Secondly, customers struggle to give standard utils and instead rank distinct options in order of preference, which he termed an ordinal utility.
Thirdly, it is less likely a consumer would stay rational and make the choice which maximize his/her utility. Sometime, they can be irrational and may make impulsive purchases. Consumption behavior has traditionally been heavily influenced by the act of buying on the spur of the moment. The rise of the internet and social networks may cause changes in consumer behavior, resulting in more planned and sensible purchase processes.
Fourthly, humans can be reluctant to spend cash on particular things because they have preconceived boundaries on how much they can afford to spend on 'luxuries,' according to their mental accounting.
Lastly, it is not easy to separate products in the market. Some items, such as an electronic car or a refrigerator, are only purchased occasionally and cannot be mathematically divided.

If you choose to spend more money on one good, then you cannot buy as much of another good. If you want to enjoy more leisure time, you give up the time you could be working and making more money for the future. If a consumer decides to spend more of their income now, they will have less money to spend in the future. If they receive a raise at work, their budget will change.

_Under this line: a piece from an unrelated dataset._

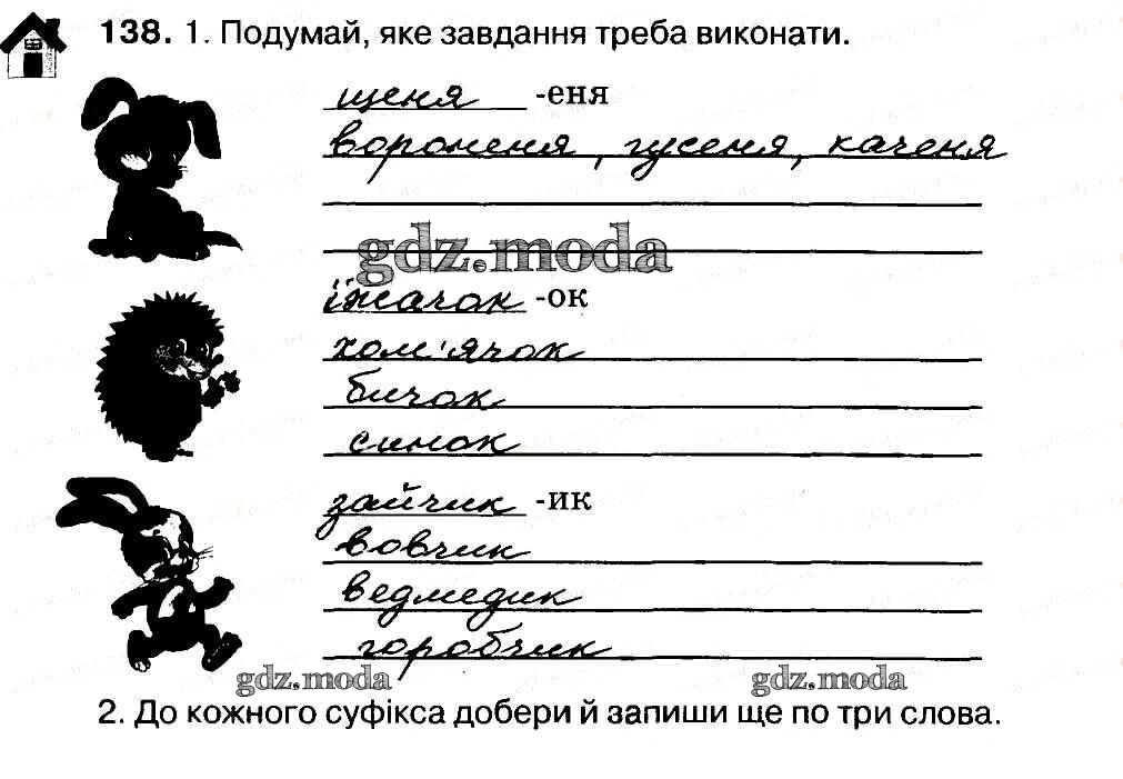 ГДЗ решение к заданию № 138 Украинский язык 3 класс рабочая тетрадь Вашуленко Освiта 2014 бесплатно на гдз.мода!

The idea of consumer choice relies on the fact that people will make rational decisions to satisfy their wants. People want to make the choice that best fits their budget, their preferences, and optimizes the amount of pleasure they will get from their choices.
Of course, to make these choices, consumers need some bits of information. The price of a good is an important factor in a consumer's decision-making about how they can gain the most satisfaction based on their budget and their preferences. If the price of a good is too high then the consumer will buy less of it, or they will buy another lower-priced good if they are unwilling to make the trade-off.
Consumer choice theory helps us understand a consumer's behavior that results from the combination of their income and preferences. Having a clear understanding of this behavior is necessary to be able to construct the demand curve and set the price of a good appropriately.